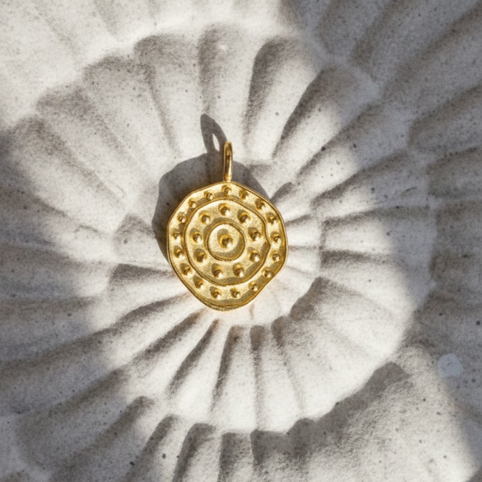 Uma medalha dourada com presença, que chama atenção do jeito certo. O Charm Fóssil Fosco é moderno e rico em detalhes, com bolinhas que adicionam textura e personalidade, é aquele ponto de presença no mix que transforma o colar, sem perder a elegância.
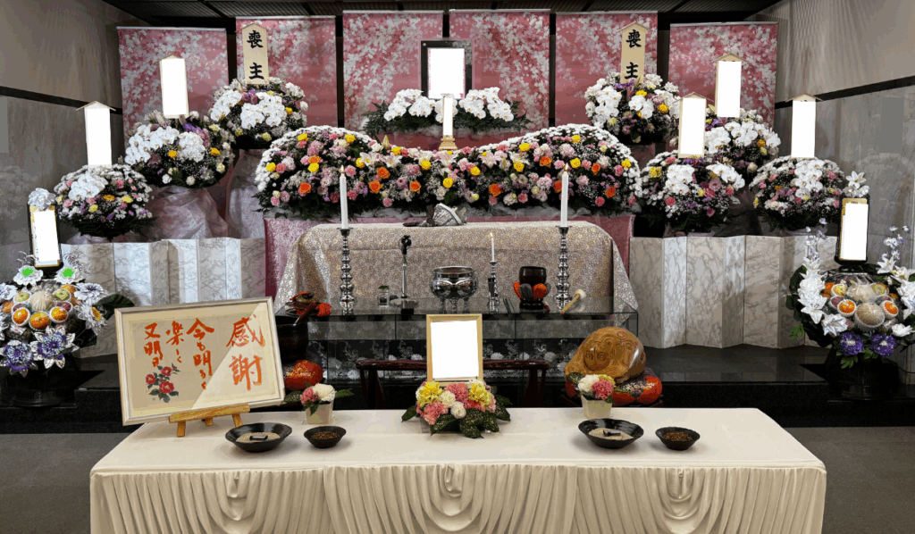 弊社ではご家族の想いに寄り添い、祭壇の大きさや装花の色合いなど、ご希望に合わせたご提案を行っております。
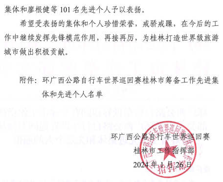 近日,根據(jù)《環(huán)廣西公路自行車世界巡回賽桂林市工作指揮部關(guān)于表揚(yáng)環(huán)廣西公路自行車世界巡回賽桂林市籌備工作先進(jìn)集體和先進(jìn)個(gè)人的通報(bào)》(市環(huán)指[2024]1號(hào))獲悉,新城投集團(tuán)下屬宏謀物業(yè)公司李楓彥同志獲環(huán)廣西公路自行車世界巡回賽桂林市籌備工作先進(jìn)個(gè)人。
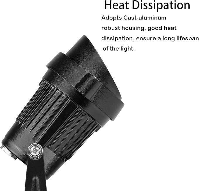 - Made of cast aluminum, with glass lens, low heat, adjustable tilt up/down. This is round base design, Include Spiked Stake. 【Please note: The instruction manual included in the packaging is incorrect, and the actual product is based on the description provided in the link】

____

- _WHAT YOU ARE ASKED TO DO_:
Would you retype exactly the lines running from the line that contains "弊社ではご家族の想いに寄り添" through the end of the listing above, both included? Skip every picture.

- _RESPONSE FOR THIS EXERCISE_:
 弊社ではご家族の想いに寄り添い、祭壇の大きさや装花の色合いなど、ご希望に合わせたご提案を行っております。
 近日,根據(jù)《環(huán)廣西公路自行車世界巡回賽桂林市工作指揮部關(guān)于表揚(yáng)環(huán)廣西公路自行車世界巡回賽桂林市籌備工作先進(jìn)集體和先進(jìn)個(gè)人的通報(bào)》(市環(huán)指[2024]1號(hào))獲悉,新城投集團(tuán)下屬宏謀物業(yè)公司李楓彥同志獲環(huán)廣西公路自行車世界巡回賽桂林市籌備工作先進(jìn)個(gè)人。
 - Made of cast aluminum, with glass lens, low heat, adjustable tilt up/down. This is round base design, Include Spiked Stake. 【Please note: The instruction manual included in the packaging is incorrect, and the actual product is based on the description provided in the link】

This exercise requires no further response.